> Brief
Below is a listing. Return the lines from the one that contains "As highlighted by" to the one that contains "LOT 176 VINTAGE", both ends included, verbatim and with no pictures.

> Materials provided
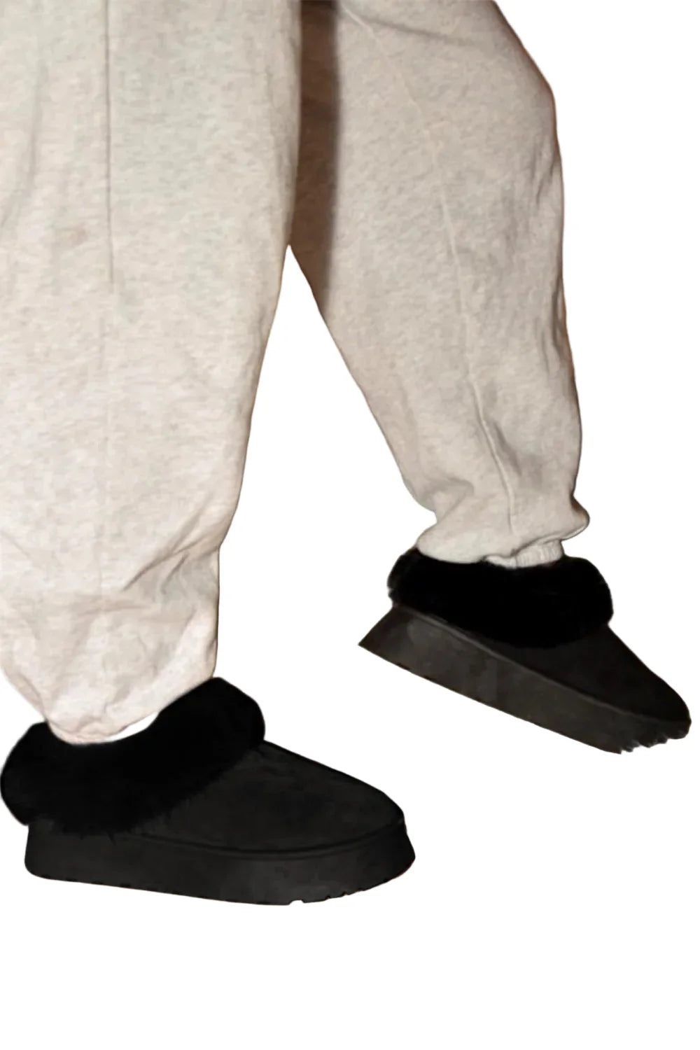 Their chic platform design elevates your style, allowing you to dance effortlessly from casual outings to romantic evenings. Slip them on with ease, and let the luxurious feel of suede and fluff wrap you in a cozy embrace. Perfectly versatile, these booties are your new love affair with fashion.
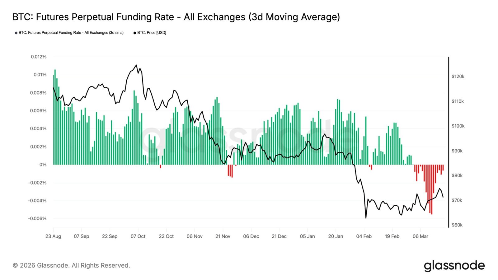 As highlighted by Glassnode analyst Chris Beamish in an X put up, the Bitcoin perpetual futures Funding Price has been destructive not too long ago. The “Funding Price” right here refers to an indicator that measures the quantity of periodic charge that merchants on the varied centralized derivatives exchanges are paying one another proper now.
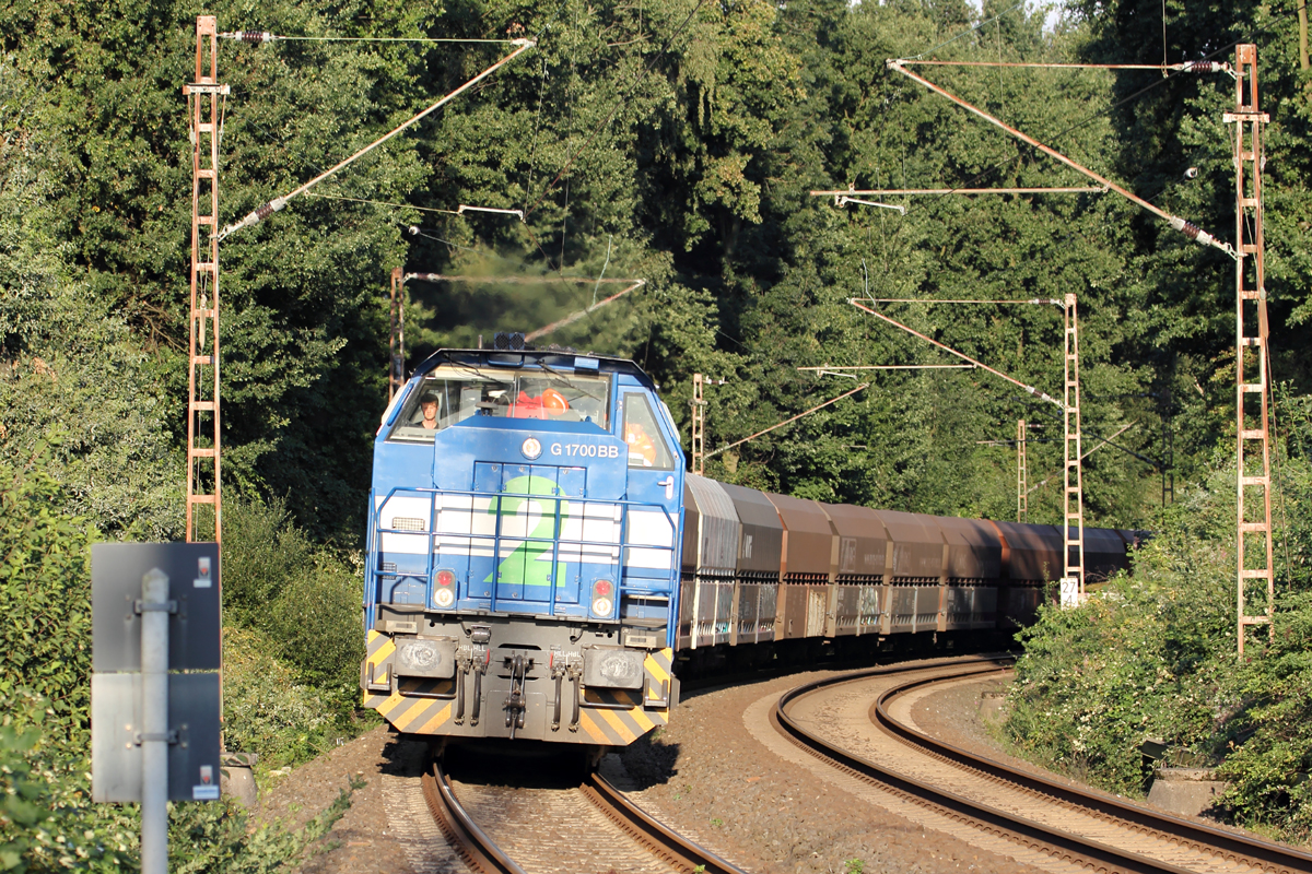 Totgesagte leben länger. Obwohl im letzten Fahrplanwechsel di n-Wagen aus dem regulären Umlauf ausgeschieden sind fahren sie hin und wieder immer noch auf einigen Linien. Hier schiebt 111 118-6 den n-Wagen Park als RE8 Verstärker während 277 803-3 alias NIAG2 mit Braunkohlestaubwagen Richtung Rommerskirchen fährt.
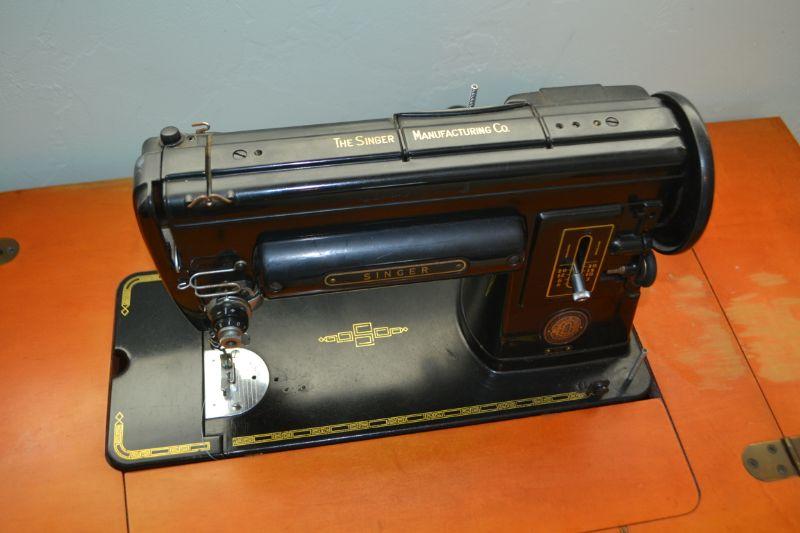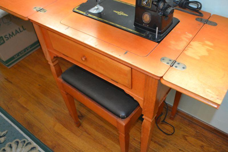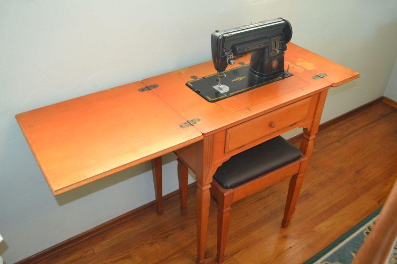 LOT 176 VINTAGE SINGER SEWING MACHINE MODEL 301, CABINET AND BENCH
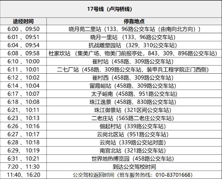 2024年4月11日起,公交驾校17路(卢沟桥线)中午来校班车时间提前10分钟,详细站点时刻表请见下方图示。同时,中午所有返回班车发车时间由原11:50调整为11:40,为您带来的不便请您谅解。
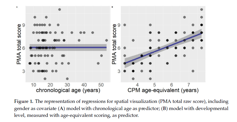 - An ulterior topic explored by our group is learning and skill acquisition in Down Syndrome, known as the most common genetic cause of intellectual disability (Kittler et al., 2008). Specifically, we study developmental trajectories and acquisition of spatial skills in people with typical development vs Down Syndrome across all ages. The skills explored in our researches are spatial working memory (the spatial-sequential vs spatial simultaneous components; see Carretti et al., 2022) and spatial visualization compared to mental rotation abilities (see Doerr et al., 2021).

> Finished exercise
 As highlighted by Glassnode analyst Chris Beamish in an X put up, the Bitcoin perpetual futures Funding Price has been destructive not too long ago. The “Funding Price” right here refers to an indicator that measures the quantity of periodic charge that merchants on the varied centralized derivatives exchanges are paying one another proper now.
 Totgesagte leben länger. Obwohl im letzten Fahrplanwechsel di n-Wagen aus dem regulären Umlauf ausgeschieden sind fahren sie hin und wieder immer noch auf einigen Linien. Hier schiebt 111 118-6 den n-Wagen Park als RE8 Verstärker während 277 803-3 alias NIAG2 mit Braunkohlestaubwagen Richtung Rommerskirchen fährt.
 LOT 176 VINTAGE SINGER SEWING MACHINE MODEL 301, CABINET AND BENCH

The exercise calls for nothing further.